Dismissal for discussing religion with patients fair
A nurse’s dismissal for discussing religion with patients after management told her not to was fair. Although an employee has the right to manifest their religion, including through teaching, this does not extend to inappropriate promotion or proselytising of their beliefs. Employers may dismiss employees who seek to promote their religious beliefs at work but only where the employee acts inappropriately. An employee will be acting inappropriately if they ignore a reasonable management instruction.
What was the impact of a nurse ignoring management instruction not to discuss religion with patients?

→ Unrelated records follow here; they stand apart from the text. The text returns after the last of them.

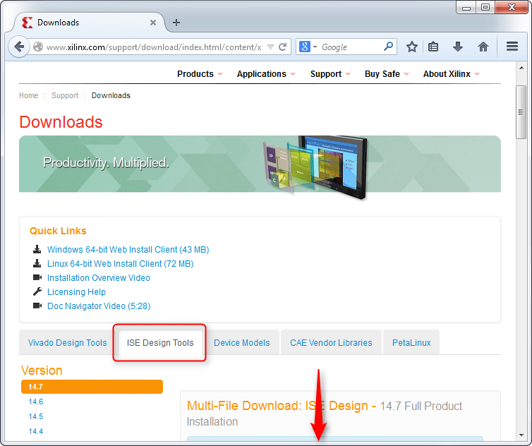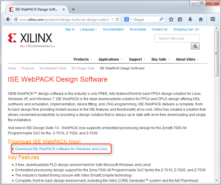 Auf der Seite www.xilinx.com aus der Gruppe Products/Design Resources „ISE Design Suite“ wählen.
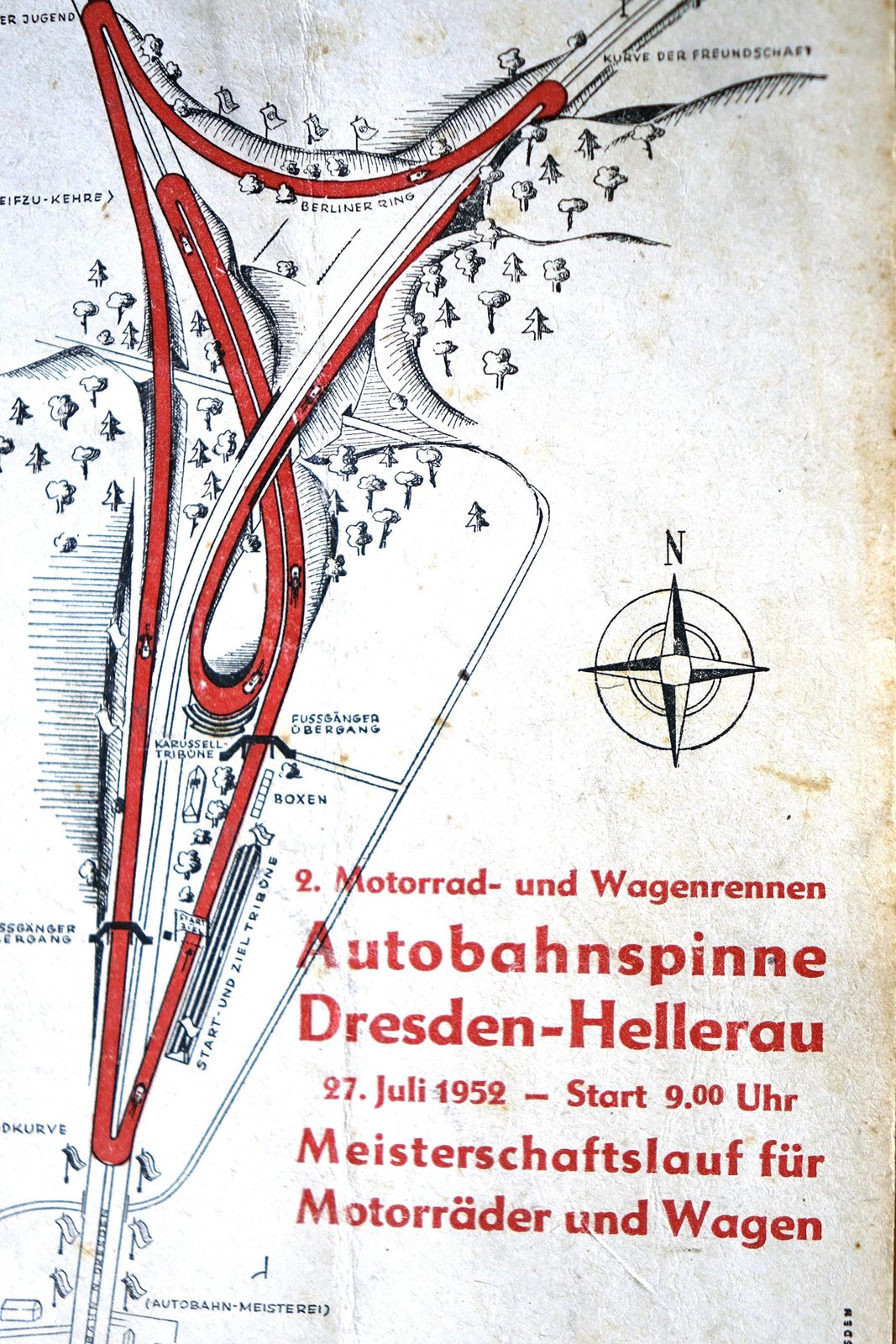 Die Dresdner Autobahnspinne - Singende Säge, jubelnde Massen und Meisterfahrer Ewald KlugeHistorisches Plakat Rennankündigung_1952Bild: © Repro: MDR/René Römer
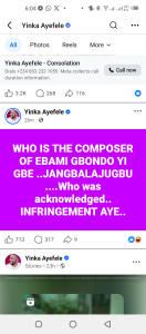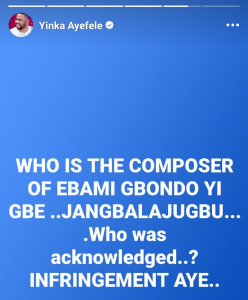 In a post shared on his verified social media page, Ayefele wrote: WHO IS THE COMPOSER OF EBAMI GBONDO YI GBE… JANGBALAJUGBU… Who was acknowledged..? INFRINGEMENT AYE..”

Ms Kuteh is a Christian. She worked as a nurse and was responsible for assessing patients about to undergo surgery. The matron raised concerns with her after some patients complained that she had initiated unwanted religious discussions during assessments. The matron told her that it was not appropriate to discuss religious views. Ms Kuteh assured her that she would not discuss religion unless a patient asked her to.
In the next couple of months, there were further incidents and three more patients complained. She gave one patient a bible and said she would pray for her. One patient complained she had preached at her and made her feel uncomfortable. The third patient said she told him that the only way to the Lord was through Jesus. She had then gripped his hand, said a prayer and invited him to sing a psalm with her.
What was the Trust’s response to the actions of the nurse?
Following a disciplinary investigation and hearing, the Trust dismissed her for gross misconduct. This was because she had failed to follow a reasonable management instruction, behaved inappropriately and failed to comply with the Nursing and Midwifery Code. The Code prohibits expressing personal beliefs, including religious beliefs, in an inappropriate way.
What was the response of the Nurse to this ruling?
Ms Kuteh claimed her dismissal was unfair. She argued that the Code had to interpreted in a way which was compatible with her right to manifest her religion. This is a right under Article 9 of the European Convention on Human Rights.
What action was required by the employment tribunal?
The employment tribunal rejected this argument and ruled that her dismissal was fair. Article 9 did not apply. There is a difference between being prevented from manifesting religious beliefs, which is protected by Article 9, and inappropriately proselytising religious beliefs, which is not. Ms Kuteh’s conduct was the latter and so Article 9 did not apply.
Ms Kuteh appealed to the Employment Appeal Tribunal. It ruled that her appeal had no reasonable prospect of success. She appealed to the Court of Appeal.
How did the Court of Appeal rule in this case?
The Court of Appeal ruled that proselytising may be protected by the Article 9 right to manifest your religion. Inappropriate proselytising is not. It went on to rule that it had plainly been open to the employment tribunal to find the dismissal fair. Ms Kuteh had admitted that she had initiated conversations with patients about religion. The matron told her not to do this and she assured the matron she would not. Nevertheless, she continued to do so. The Trust had carried out a fair procedure and dismissal was within the band of reasonable responses open to it.
What was the impact of this case?
Ms Kuteh did not claim that the Trust had discriminated against her because of her religious beliefs when it dismissed her. However, it is unlikely that she would have succeeded in that claim. An employee claiming direct religious discrimination has to show that their employer treated them less favourably because of their religion. However, the reason the Trust dismissed her was not her religion but her conduct in continuing to proselytise or promote her religion after it had instructed her not to.